Some of them are very young and still under compulsory school age. Many Belgian families who lost their children on the Syrian battlefield were not aware of what was going on until their children disappeared or were found dead.
It’s not just about Brussels. The fanatical religious group Sharia4Belgium was set up in Antwerp in 2010 and operated legally in the country until it was dissolved in 2012 for incitement to hatred. In 2015, it was designated as a terrorist group. Over the last years, it continued to function clandestinely as a major recruiter of potential terrorists. According to the investigators, up to 10% of Belgians who left for Syria were gravitating around the group.

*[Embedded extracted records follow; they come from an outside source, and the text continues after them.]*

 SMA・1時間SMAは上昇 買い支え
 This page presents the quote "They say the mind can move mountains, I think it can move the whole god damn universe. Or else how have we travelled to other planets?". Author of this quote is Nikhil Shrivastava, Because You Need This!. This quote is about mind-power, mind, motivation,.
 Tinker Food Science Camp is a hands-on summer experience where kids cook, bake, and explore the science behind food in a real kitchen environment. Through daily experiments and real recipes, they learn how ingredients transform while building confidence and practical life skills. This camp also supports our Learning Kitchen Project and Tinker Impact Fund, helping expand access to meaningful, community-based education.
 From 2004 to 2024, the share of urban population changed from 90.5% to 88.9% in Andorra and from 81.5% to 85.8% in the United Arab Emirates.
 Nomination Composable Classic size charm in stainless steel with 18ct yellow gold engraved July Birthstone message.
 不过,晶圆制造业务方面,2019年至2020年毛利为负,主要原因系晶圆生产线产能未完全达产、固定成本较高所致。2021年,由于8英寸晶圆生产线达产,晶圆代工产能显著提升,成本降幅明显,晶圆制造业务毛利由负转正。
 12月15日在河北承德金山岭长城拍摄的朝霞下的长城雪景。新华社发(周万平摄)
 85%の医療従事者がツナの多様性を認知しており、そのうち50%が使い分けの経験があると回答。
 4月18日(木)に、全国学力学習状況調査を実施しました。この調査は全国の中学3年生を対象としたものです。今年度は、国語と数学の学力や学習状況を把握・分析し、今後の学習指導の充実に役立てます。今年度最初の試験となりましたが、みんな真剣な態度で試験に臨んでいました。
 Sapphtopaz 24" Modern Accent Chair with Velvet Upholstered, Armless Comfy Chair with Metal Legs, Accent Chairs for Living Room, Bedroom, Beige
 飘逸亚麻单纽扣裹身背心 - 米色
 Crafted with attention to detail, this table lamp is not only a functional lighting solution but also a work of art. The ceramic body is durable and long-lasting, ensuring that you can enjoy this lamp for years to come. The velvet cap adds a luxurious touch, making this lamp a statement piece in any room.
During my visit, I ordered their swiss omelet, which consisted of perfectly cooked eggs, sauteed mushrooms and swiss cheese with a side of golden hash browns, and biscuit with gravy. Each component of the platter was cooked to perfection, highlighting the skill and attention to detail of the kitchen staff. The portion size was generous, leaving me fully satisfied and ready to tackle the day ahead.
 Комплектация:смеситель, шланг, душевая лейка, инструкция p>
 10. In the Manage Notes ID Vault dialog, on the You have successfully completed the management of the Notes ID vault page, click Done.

Western foreign policy causes terrorism
For decades, terrorism has been nourished by NATO wars and growing global injustice. Every war acted as a multiplier for radicalization, fueling hatred and laying the groundwork for future terrorism. International terrorism financing routes are clearer than ever, as the political and economic relations between the West and countries like Saudi Arabia. Terrorism is now affecting western countries. Our governments are fully responsible for this downward spiral.
How is Belgium reacting to the attacks ? The securitarian mantra is already on. The government believes that putting more soldiers on the streets will achieve something in terms of fighting against the terror threat. As in France, repression of peaceful demonstrations is becoming the rule.
The problem is much more complex and cannot be solved with an iron fist. On 27 March, five days after the attacks, many young Muslims in Molenbeek and elsewhere were sent messages asking them to “make the right decision” and “fight the westeners“. Maybe it’s time we reconsider our foreign policy alliances. We have become used to wars loin de chez nous, will we get used to terrorism fait maison as well?